Exit code for canceled tasks RRS feed

  • Question

  • We are running a python scripts in HPC and we have it set to catch the ctrl-break via an exception.  In our response to the ctrl-break, we have some clean up that we want to do and then we want to indicate that we are done with our clean up but the we still want to be requeued.  Returning a non-zero code indicates a failure and will not invoke a requeue.  If we do want a requeue, and don't want to let HPC think our task is finished, should we just return a 0 or is there another return code that we should use?

    We are having issues where our node prep task is canceled, and we are returning a 0 exit code.  It looks like HPC thinks that the node prep is complete, so it launches tasks on the node even though the node prep task was not run to completion, resulting in failed jobs.  How do we address canceled node prep tasks?

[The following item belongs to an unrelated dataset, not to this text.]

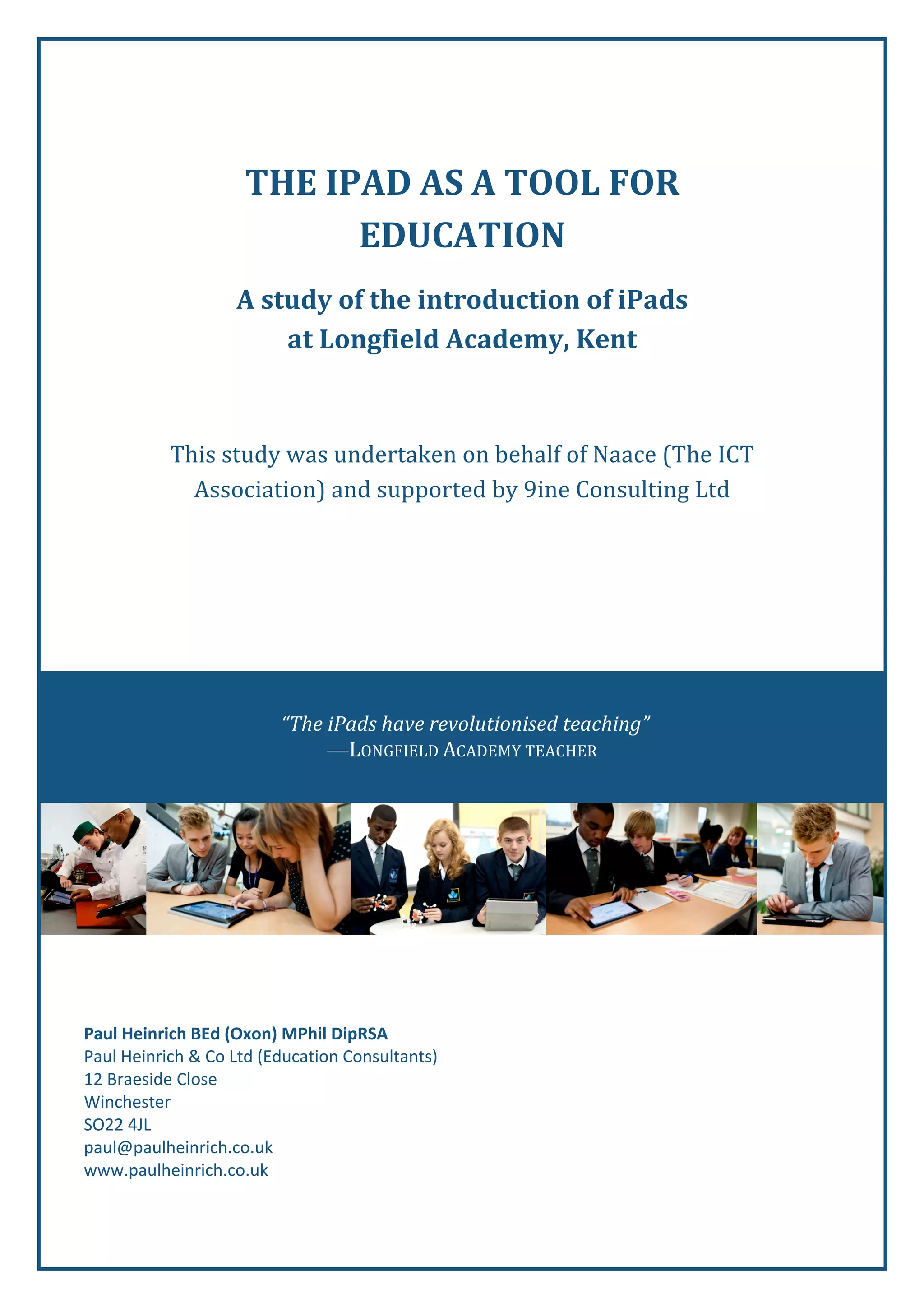 This document summarizes a study on the introduction of iPads at Longfield Academy in Kent. The study found that both teachers and students reported high levels of iPad use in lessons across all subjects. Teachers and students indicated that iPads improved student motivation, work quality, progress, achievement, and collaborative working. Students regularly used iPads for research, note-taking, creating presentations, and using subject-specific apps. The iPads were seen as revolutionizing teaching at the school.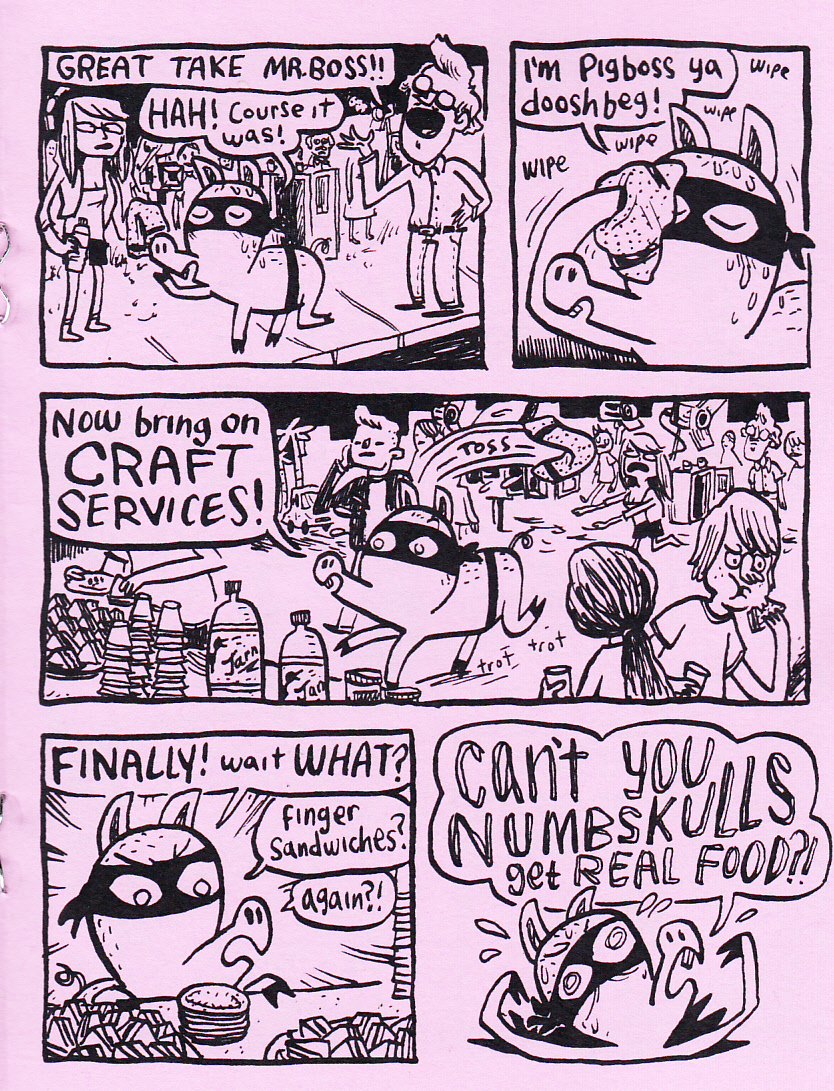 Oh, so THAT’S what Tarn is. Not that I have any idea of the larger significance of it, or how it ties in to all of these comics, but at least this issue mentions Tarn. Oh hi, did you not read the first issue and/or the review for the first issue? Well, in that case this might be a little confusing to you, even if this issue features an entirely different cast of characters from the first issue. This time around it’s Pigboss, who is filming the final scenes for some kind of action movie. He’s more than a little bit of an asshole, and he says his catchphrase whether or not the cameras are rolling. Still, things are going pretty well for him, except the occasional minor annoyance like not having the right food at the craft services, until he gets a letter from the head of the movie studio. This letter does not go over well at all with Pigboss, and it’s clear that a confrontation of some kind is in the cards. I’m still thoroughly enjoying this series, which is not a shock, as I’ve loved everything else Sam has done. It’s probably a bit early for me to tell you to go ahead and buy this whole series when I’ve only read the first two issues, but eh, what the hell, buy the whole series. It’s only $5, and unless Sam’s brain fell out along the way I feel confident in saying that it’ll be worth it in the end. $1 ($5 for the set)

    Wednesday, August 8, 2012 3:58 PM

All replies

  • Unfortunately, I have still not been able to figure this out properly.  When we catch the ctrl-break, after we do what we need to do, if we exit 1, then HPC fails us and does not requeue the task and if we exit 0, then HPC thinks we have finished and does not requeue the task.  So it seems that HPC has to be the one to actually terminate the process in order for the task to be requeued.  Our non-ideal workaround is after we finish our clean up actions, we go into an intentional infinite loop.  This causes HPC to cancel the task after the grace period duration and requeue the task.  The down side is that anytime a task is canceled, it now lasts the entire cancellation grace duration (2 minutes).  This isn't a big deal, but wastes grid resources for that time. 

    I would appreciate any help on this issue and am surprised that I can't find anything about this.  The documentation talks about this cancellation grace period but doesn't mention anything about these complications. 

    • Edited by egcow Friday, August 10, 2012 11:39 AM
    Friday, August 10, 2012 11:38 AM
  • You might try having your task create a "child" task (a task that is dependent on it) and then exit cleanly.  This new task can check to see the exit state of its parent and decide how to proceed.

    As you have discovered, the Scheduler does not have an auto-requeue feature for tasks.  They only get requeued as a consequence of other events (job requeue, grace period exceeded, preemption, etc.).


    Monday, August 20, 2012 10:44 PM